Тысяча ключей Мерлина

Язык: Русский
Год издания: 2025
Добавлена:
Настройки чтения
Размер шрифта
Высота строк
Поля
На страницу:
1 из 5

Tom Paine

Тысяча ключей Мерлина

Глава 1

«Вся моя семья, включая мою жену, твою бабушку, маму, и, вероятно, тебе они тоже сказали, что я безработный, алкоголик или даже сумасшедший, но это далеко не так. Хотя, признаться честно, я и сам себя иногда считаю сумасшедшим. Я один из тысячи хранителей ключей Мерлина, как и мой дед и его дед. Ты должен стать следующим хранителем, когда я умру! Учитывая, что ты читаешь это письмо, значит, я, вероятно, уже мертв.

Мой ключ и все, что нужно знать, ты найдешь в моей квартире, надеюсь, ты помнишь, где она находится.

Андрей, поверь своему деду! Я не такой, как тебе обо мне рассказывали…»

Отрывок из письма Петра Осипова

своему внуку Андрею Осипову

***

Я лежал в своей кровати и смотрел на часы, которые показывали шесть утра, и умолял их про себя, чтобы цифры на электронном табло сменялись не так часто и дали мне возможность полежать в кровати и смачно потягиваться, прежде чем мне придётся встать и отправиться в университет. Я любил свой университет, но не так давно начавшийся третий курс успел меня вымотать. Хотя, возможно, подработка в баре по ночам меня выматывала? Маме выписали новые более дорогие лекарства, и вариантов не работать попросту нет, а ее пенсии как не хватало на лекарства, так и не хватает. С мыслью о маме я заставил себя подняться и выйти из своей комнаты.

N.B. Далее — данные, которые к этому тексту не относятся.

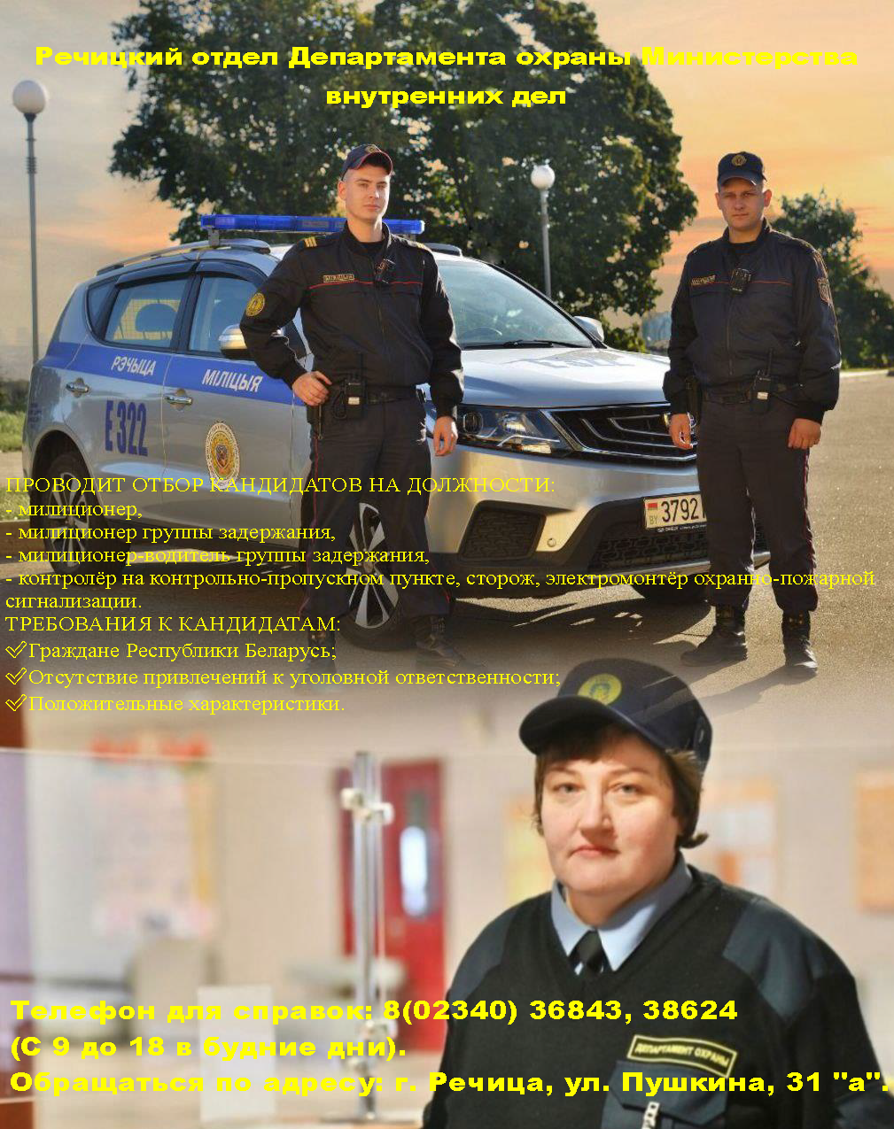 ![]() Речицкий отдел Департамента охраны Министерства внутренних дел проводит отбор кандидатов на должности: милиционер, милиционер группы задержания, милиционер-водитель группы задержания, контролёр на контрольно-пропускном пункте, сторож, электромонтёр охранно-пожарной сигнализации. ТРЕБОВАНИЯ К КАНДИДАТАМ: ✅Граждане Республики Беларусь; Телефон для справок: 8(02340) 36843, 38624 (С 9 до 18 в будние дни). Обращаться по адресу: г. Речица, ул. Пушкина, 31 "а". Вернуться назад |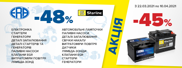 Раді повідомити, що в «ЕЛІТ-Україна» розпочались знижки на продукцію Starline та ERA. Знижки триватимуть до 10 квітня 2021 року включно на групи товарів, що перелічені вище.

Мы жиле не богато, можно сказать, что даже бедно. Ремонта наша квартира не видела со времен, когда в ней еще проживал мой отец, а учитывая, что я никогда его не видел в осознанном возрасте, а мне уже девятнадцать, выходит так, что ремонта не было всю мою жизнь – я улыбнулся.

Дверь со скрипом закрылась, и сидевшая на кухне, которая находилась в конце коридора, мама услышала и, улыбаясь, повернулась.

– Доброе утро, сынок, – произнесла она.

– Доброе, – ответил я и направился в ванную комнату.

Зайдя в ванную, я вновь услышал журчание воды из неисправного унитаза. Я несколько раз пробовал его починить, но никак не получалось, он каждый раз вновь начинал журчать, а иногда издавать звуки, больше похожие на рев какого-то животного. Я так хотел его поменять, но денег на это не было, и я, как и все остальное, отложил эту мечту на полку. Знаете, такую полку, которая находится на самом верху книжного шкафа, на которую можно забраться, если только забраться по пятиметровой лестнице. Это говорит лишь о том, что эта мечта была куда менее важная, чем сотни других, например, заменить радиатор отопления в спальне мамы, чтобы она не мерзла зимой и не одевалась в тысячу одежд, или хотя бы купить обогреватель.

Задумавшись о своих мечтах, я ударился ногой об унитаз, отчего я скорчился и в небольшой комнате дернулся к ноге и в тот же миг ударился лбом об раковину. Откинувшись назад, я, чуть не упав в ванну, успел схватиться за ее край и едва устоял, чтобы не перевалиться в нее, ведь уже не впервые меня наказывает сантехника, когда я мечтаю о ее замене.

Потирая лоб и ногу, я разделся и осторожно залез в ванну и включил воду, сначала услышал звуки ада, которые издавала душевая лейка, прежде чем из нее полилась вода.

Закончив мыться, я вылез из ванны и, обтершись, надел свежие трусы, которые прихватил из своей комнаты. Вытирая голову, я вышел из ванной и медленно направился на кухню, где все еще сидела мама.

Зайдя на кухню, я, закинув полотенце на шею, присел за стол, где мама перебирала свои таблетки, аккуратно раскладывая их в таблетницу на неделю вперед.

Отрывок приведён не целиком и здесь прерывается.